PuritanBouncer said:


> Herald said:
> 
> 
> > David Campbell at Grace Baptist Church of Carlisle is a wonderful exegete and a Reformed Baptist. You can find his sermons HERE.
> ...



Brother, the church in Chambersburg is of the same association, ARBCA. You can certainly visit Grace in Carlisle. A dear friend of mine attends there. YOU are the one who told me about that church and I recommended it to Dennis. Remember? Would it be more prudent for you and your dear wife to worship from a closer distance? Not telling you what to do. Not at all. But both of these churches are 1689 LBC subscribers.


----------



## lynnie (Jan 3, 2009)

Did you ever hear the Piper biographies that he does each year at a pastor's conference? Marvelous. Must be two dozen by now. A mix of history, biography, doctrine, and truths about walking with God. Everybody I know who listens to them says they are just great- non pastors and women included!

Here is a link I found to Iain Murray's sermons available online: 

Reforming My Mind - MP3's: Iain H. Murray

He is my favorite author and I have started listening to his sermons when I can. A wonderful blend of history, doctrine, and personal walk with God. Very insightful about true revival. Into puritans and great books. All around fine preacher and writer.


----------



## ReformedWretch (Jan 3, 2009)

Some clarifications (sorry for the confusion)

-With my recent move I need to change churches from an OPC (that was an hour from me) to here-

Grace Baptist Church, Chambersburg, Pennsylvania

Which is about 25-30 minutes from me.

-Bill, I forgot I told you about that church (d'oh!) lol. I am going to continue at the new Church I just thought I'd visit a Church you recommended the pastor to someone to, forgetting I told you about it! 

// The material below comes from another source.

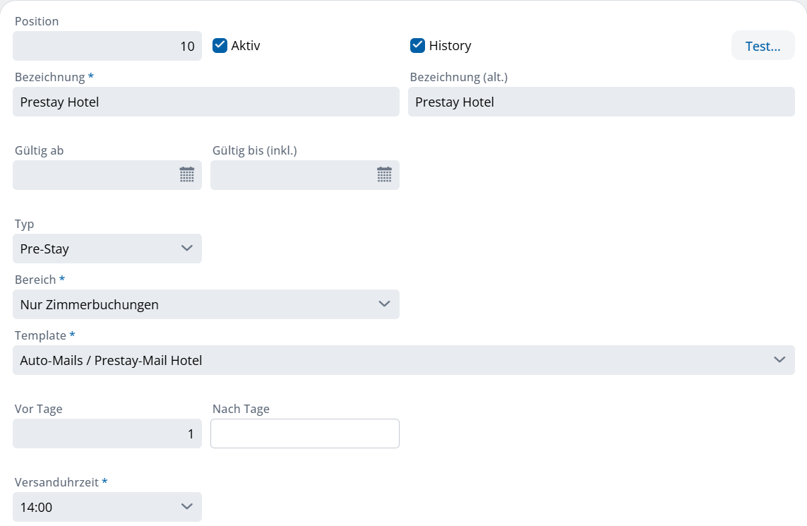 Ist dieses Flag aktiv, werden die versendeten E-Mails in der Korrespondenz der jeweiligen Reservierung bzw. des Gastes gespeichert.Test
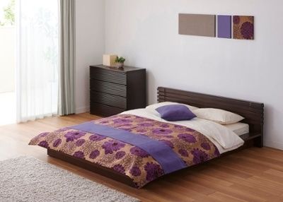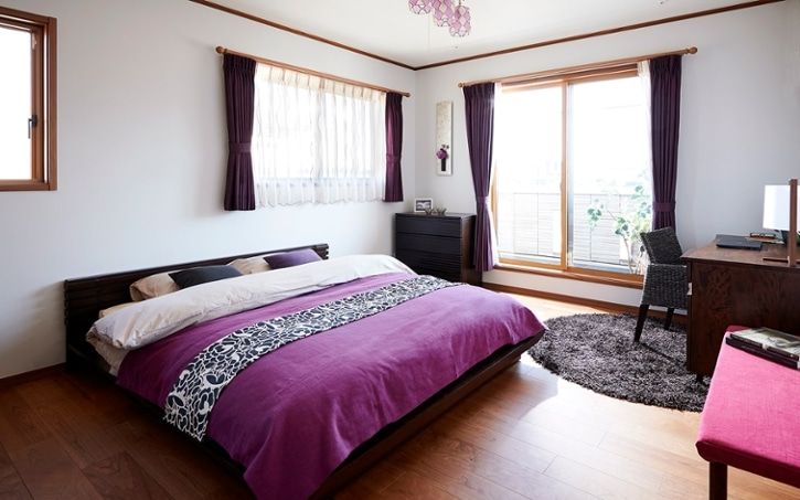 9畳というゆったりとした寝室なので、ベッド以外にもデスクなどの家具を多く配置していますが、ローベッドを選んでいるため圧迫感を感じさせません。パープルとダークブラウンの色合いがエレガントな印象です。

I've struggled with Baptism for years now and as such feel comfortable switching to a Baptist Church (reformed of course) for those who are unaware of that.


----------



## Herald (Jan 3, 2009)

PuritanBouncer said:


> Some clarifications (sorry for the confusion)
> 
> -With my recent move I need to change churches from an OPC (that was an hour from me) to here-
> 
> ...



Adam, well given your baptismal change an ARBCA church should satisfy for theological requirements. I pray God leads you to the right place for worship and service.


----------



## Casey (Jan 3, 2009)

I do the same thing at work (have an MP3 player) -- here's some of the best available for free (you have to register and log in to see everything):

Westminster Theological Seminary -- Media Center


----------



## Herald (Jan 3, 2009)

CaseyBessette said:


> I do the same thing at work (have an MP3 player) -- here's some of the best available for free (you have to register and log in to see everything):
> 
> Westminster Theological Seminary -- Media Center



Brother, how is Josiah today? Please answer in your prayer thread so we can all be updated. Thanks, brother.


----------



## he beholds (Jan 3, 2009)

Someone here recommended Mark Dever to me, and I love listening to his sermons. He has preached an overview sermon on every book of the Bible: Old Testament Overview Sermons
New Testament Overview Sermons

I also found Joel Beeke through the PB, and his sermons are great.


----------



## shackleton (Jan 3, 2009)

There is a treasure trove here, Monergism :: MP3 Audio & Multimedia, just about any topic and author you might want and the topics change regularly.


----------



## Wannabee (Jan 3, 2009)

The SLJ Institute


----------



## CarsonLAllen (Jan 3, 2009)

Check out these old timers

*Don Fortner*
SermonAudio.com - Sermons by Don Fortner 

*Al Martin*

SermonAudio.com - Sermons by Albert N. Martin

Paul Washer, as already mentioned is great. I know, for an O.P.C. guy, I sure listen to allot of reformed baptists.


----------



## ManleyBeasley (Jan 3, 2009)

Gary Hendrix is one of my favorites. He pastor's Grace Reformed Baptist Church in NC.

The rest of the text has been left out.